◆ **Problem description**:
Word for word, restate the lines of the data below between those holding "Stefan is a" and "ホーム > 日々の活動の様子", inclusive; pictures do not belong in the copy.

◆ **Entries shown**:
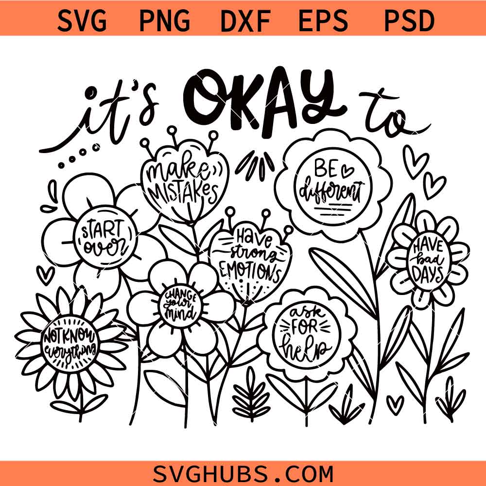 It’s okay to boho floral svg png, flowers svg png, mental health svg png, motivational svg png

---

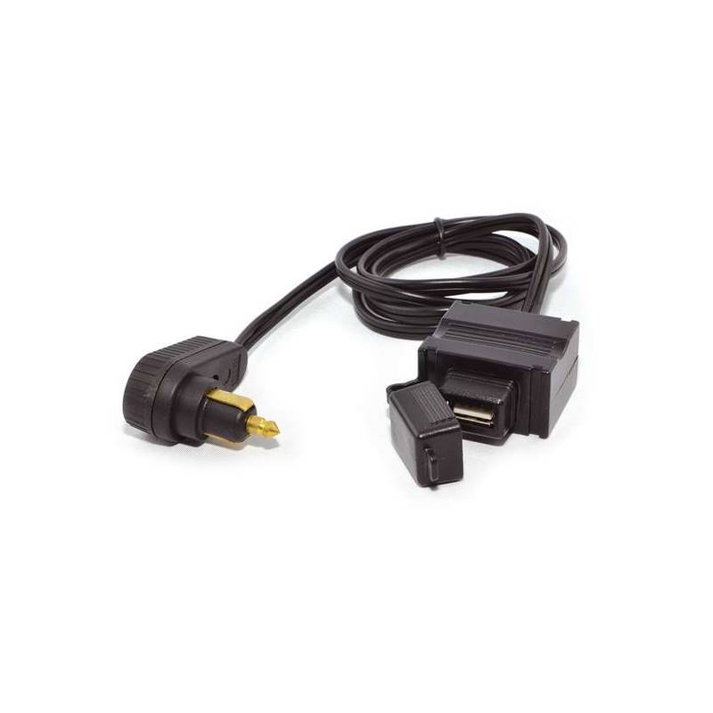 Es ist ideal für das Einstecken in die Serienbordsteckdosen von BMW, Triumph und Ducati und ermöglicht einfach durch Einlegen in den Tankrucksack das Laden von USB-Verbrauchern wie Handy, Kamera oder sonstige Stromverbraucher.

---

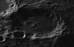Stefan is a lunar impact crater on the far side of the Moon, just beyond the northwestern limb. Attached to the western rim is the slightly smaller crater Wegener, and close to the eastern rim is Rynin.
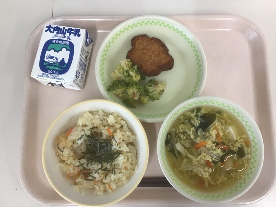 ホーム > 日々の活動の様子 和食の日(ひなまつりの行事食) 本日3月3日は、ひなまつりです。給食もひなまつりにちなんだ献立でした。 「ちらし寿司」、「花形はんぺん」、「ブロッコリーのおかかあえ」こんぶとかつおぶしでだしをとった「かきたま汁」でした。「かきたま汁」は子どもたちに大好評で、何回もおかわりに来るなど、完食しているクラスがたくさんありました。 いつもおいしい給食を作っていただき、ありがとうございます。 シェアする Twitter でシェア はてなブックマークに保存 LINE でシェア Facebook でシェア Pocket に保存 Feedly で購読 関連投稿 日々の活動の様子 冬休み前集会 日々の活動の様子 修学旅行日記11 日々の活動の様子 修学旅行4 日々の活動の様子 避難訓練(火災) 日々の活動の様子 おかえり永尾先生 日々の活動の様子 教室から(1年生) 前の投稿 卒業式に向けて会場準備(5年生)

◆ **Task answer**:
Stefan is a lunar impact crater on the far side of the Moon, just beyond the northwestern limb. Attached to the western rim is the slightly smaller crater Wegener, and close to the eastern rim is Rynin.
 ホーム > 日々の活動の様子 和食の日(ひなまつりの行事食) 本日3月3日は、ひなまつりです。給食もひなまつりにちなんだ献立でした。 「ちらし寿司」、「花形はんぺん」、「ブロッコリーのおかかあえ」こんぶとかつおぶしでだしをとった「かきたま汁」でした。「かきたま汁」は子どもたちに大好評で、何回もおかわりに来るなど、完食しているクラスがたくさんありました。 いつもおいしい給食を作っていただき、ありがとうございます。 シェアする Twitter でシェア はてなブックマークに保存 LINE でシェア Facebook でシェア Pocket に保存 Feedly で購読 関連投稿 日々の活動の様子 冬休み前集会 日々の活動の様子 修学旅行日記11 日々の活動の様子 修学旅行4 日々の活動の様子 避難訓練(火災) 日々の活動の様子 おかえり永尾先生 日々の活動の様子 教室から(1年生) 前の投稿 卒業式に向けて会場準備(5年生)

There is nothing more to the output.